Armenian President Serzh Sarkisian holds a news conference in Yerevan on April 10, 2009

Armenian President Serzh Sarkisian holds a news conference in Yerevan on April 10, 2009

President Serzh Sarkisian said on Friday that the upcoming municipal elections in Yerevan will not be followed by violent unrest and dismissed opposition pledges to use them for toppling his administration.

The main opposition Armenian National Congress (HAK) claimed, meanwhile, that only massive vote rigging can prevent its landslide victory in the May 31 elections of a municipal assembly that will appoint Yerevan’s next mayor.

The HAK’s top leader, former President Levon Ter-Petrosian, personally tops the list of the opposition alliance’s candidates in the polls which his associates say will amount to a “second round” of Armenia’s last presidential election held in February 2008.

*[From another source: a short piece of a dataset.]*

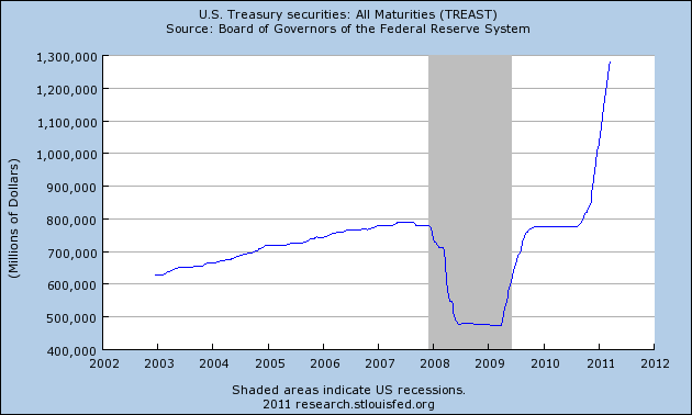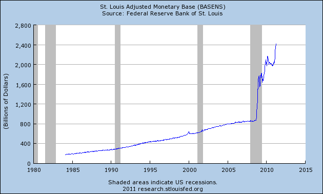 klausk März 24, 2011 · bearbeitet März 24, 2011 von klausk There are several monetary policy tools available to a central bank to expand the money supply of a country: decreasing interest rates by fiat; increasing the monetary base; and decreasing reserve requirements. All have the effect of expanding the money supply. The primary tool of monetary policy is open market operations. This entails managing the quantity of money in circulation through the buying and selling of various financial assets, such as treasury bills, government bonds, or foreign currencies. Purchases of these assets result in currency entering market circulation. Jetzt kommst du der Sache schon näher, magst aber anscheinend nicht den Schluß ziehen: daß die "open market operations" nichts mit einem "Anwerfen der Druckerpresse" zu tun haben. The monetary base is highly liquid money that consists of coins, paper money (both as bank vault cash and as currency circulating in the public), and commercial banks' reserves with the central bank. Das ist die M0-Geldmenge, und die schließt, wie du richtig zitierst, nicht nur Bargeld ein sondern auch die bei der Fed hinterlegten Reserven der Banken. Da steckt das Geld aus QE1 und QE2 -- korrellier die Grafiken mal mit den diversen Stimulus-Aktivitäten seit Bush; die Zeiten der Rezession sind grau unterlegt. Es war durchaus das Ziel dieser Aktionen, die im Herbst 2008 mit dem TARP-Programm (700 Mrd. Dollar) begannen, das Eigenkapital der Banken zu stärken (Basel II und III hatten ähnliche Ziele). Absicht war auch, daß die Banken wieder mehr Kredite, gegen saubere Sicherheiten, an ihre Kundschaft vergeben sollten. Daß sie das nicht oder fast nicht getan haben, ist leider Tatsache. Die Guthaben auf Bankkonten sind Teil der Geldmenge M1, die ebenso wie M2 für Ökonomen bedeutsamer ist als M0. Wenn du neugierig bist, um wieviel größer, vergleich mal deine Giro- und Sparkonten mit dem Inhalt deiner Geldbörse. (Festgeld, Tagesgeld, Bundesanleihen etc. sind weniger liquide und gehören zu M2.) Diesen Beitrag teilen Link zum Beitrag

“This is the opinion of a group of people which is certainly not acceptable to me,” Sarkisian said, commenting on the opposition plans. He seemed confident that the Yerevan polls will not spark the kind of deadly street clashes that rocked the country following the 2008 presidential ballot. “I exclude that,” Sarkisian told a news conference held on the first anniversary of his inauguration.

Ten people were killed and more than 200 others injured on March 1, 2008 as the Armenian authorities suppressed daily post-election demonstrations staged by the Ter-Petrosian-led opposition. More than 100 opposition supporters were arrested in the following days. At least 55 of them remain in prison on controversial charges.

Sarkisian insisted that none of them is a political prisoner. “I don’t share the opinion of those people who think that there are illegally arrested persons in our country,” he said.

The HAK’s chief office coordinator, Levon Zurabian, claimed the opposite at a separate news conference on Friday. Zurabian also reaffirmed the HAK’s readiness to start a “dialogue” with Sarkisian and his four-party governing coalition if all “political prisoners” are set free. He said the opposition will also cooperate with the authorities if it wins a majority of seats in Yerevan’s Council of Elders.

“We will score a crushing victory if the elections are free and fair,” said Zurabian. “We are talking about 70-75 percent of the vote.

“The problem is, however, that these authorities are capable of the most large-scale falsifications. So our challenge is to decide how to counter vote irregularities.”

According to Zurabian, the government’s failure to ask the Organization for Security and Cooperation in Europe to monitor the May 31 elections bodes ill for their freedom and fairness. “The fact that the authorities have not invited OSCE observers shows that they are scared and do not want a serious international oversight of these elections,” he said.

Zurabian did not say what the opposition will do if it deems the polls fraudulent. Addressing thousands of supporters in Yerevan last month, Ter-Petrosian made clear that he will not seek to stage an anti-government “revolution” in the country and will try to return to power only “by means of legal elections.”

Sarkisian described Ter-Petrosian’s statement as “prudent.” But he said the ex-president should have made it in the immediate aftermath of the presidential election.